A union would be nice but not necessary at all. Drop the meter, unscrew the 45 on the right, then unscrew the bottom nut (which looks like a union) then you should be able to pull up or drive the top union out of the yoke. You may have to unbolt the yoke from wall and drop it down some. Then just back everything out and fix leak. Add union for the next guy. Seems like you weren't there but now you know for the next time you are


Sent from my iPhone using Tapatalk


----------



## moonapprentice (Aug 23, 2012)

plbgbiz said:


> If it is at the building, there should be a union and gas cock where it enters the structure. If not, cutting one in may be your only option.

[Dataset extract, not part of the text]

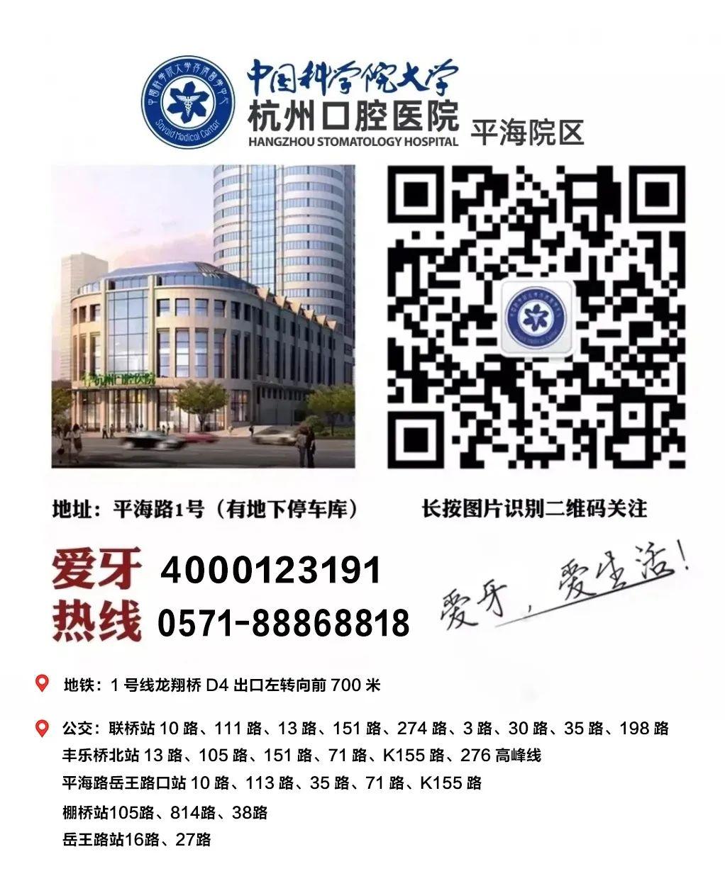 更多優(yōu)惠可咨詢4000-123191,或關(guān)注【杭州口腔醫(yī)院平海院區(qū)】微信公眾號(hào)。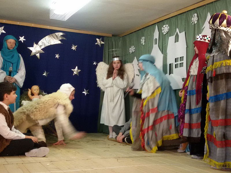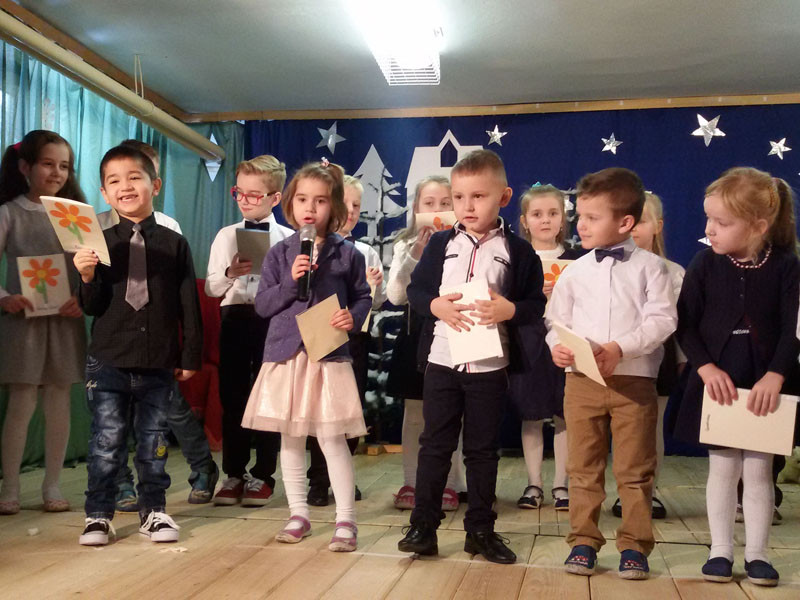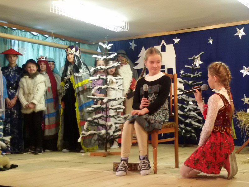 00 w miejscowym kościele, w której uczestniczyli nie tylko Babcie i Dziadkowie, ale także ich wnuczęta, rodzice i nauczyciele. Po nabożeństwie wszyscy udali się do szkoły. Występ rozpoczął się przedstawieniem jasełek, przygotowanych przez uczniów starszych klas pod kierunkiem Zdzisławy Zoń, a zaraz po tym nastąpiła część artystyczna, w której udział wzięli najmłodsi uczniowie szkoły.

There was a union inside the structure, after about 8 fittings on a 9:30 pm service call


----------



## moonapprentice (Aug 23, 2012)

Michaelcookplum said:


> A union would be nice but not necessary at all. Drop the meter, unscrew the 45 on the right, then unscrew the bottom nut (which looks like a union) then you should be able to pull up or drive the top union out of the yoke. You may have to unbolt the yoke from wall and drop it down some. Then just back everything out and fix leak. Add union for the next guy. Seems like you weren't there but now you know for the next time you are
> 
> 
> Sent from my iPhone using Tapatalk


I did take the actual meter off with intentions to work backwards like you said. Those nuts wouldn't budge with my 18", I needed a 24 or bigger prolly. How do those nuts make a seal in the bracket?


----------



## Michaelcookplum (May 1, 2011)

the top fitting (looks like nut or union) has female threads 2" I think you said, on the inside of the fitting. The out side of the fitting has threads at the bottom and the nut at the bottom tightens it to the meter yoke. At the bottom of that same fitting it has female threads for the 45. So it's basically a double bushing with threads on the outside for the bottom nut to tighten to the yoke. It's hard to explain but hopefully you get what I'm saying.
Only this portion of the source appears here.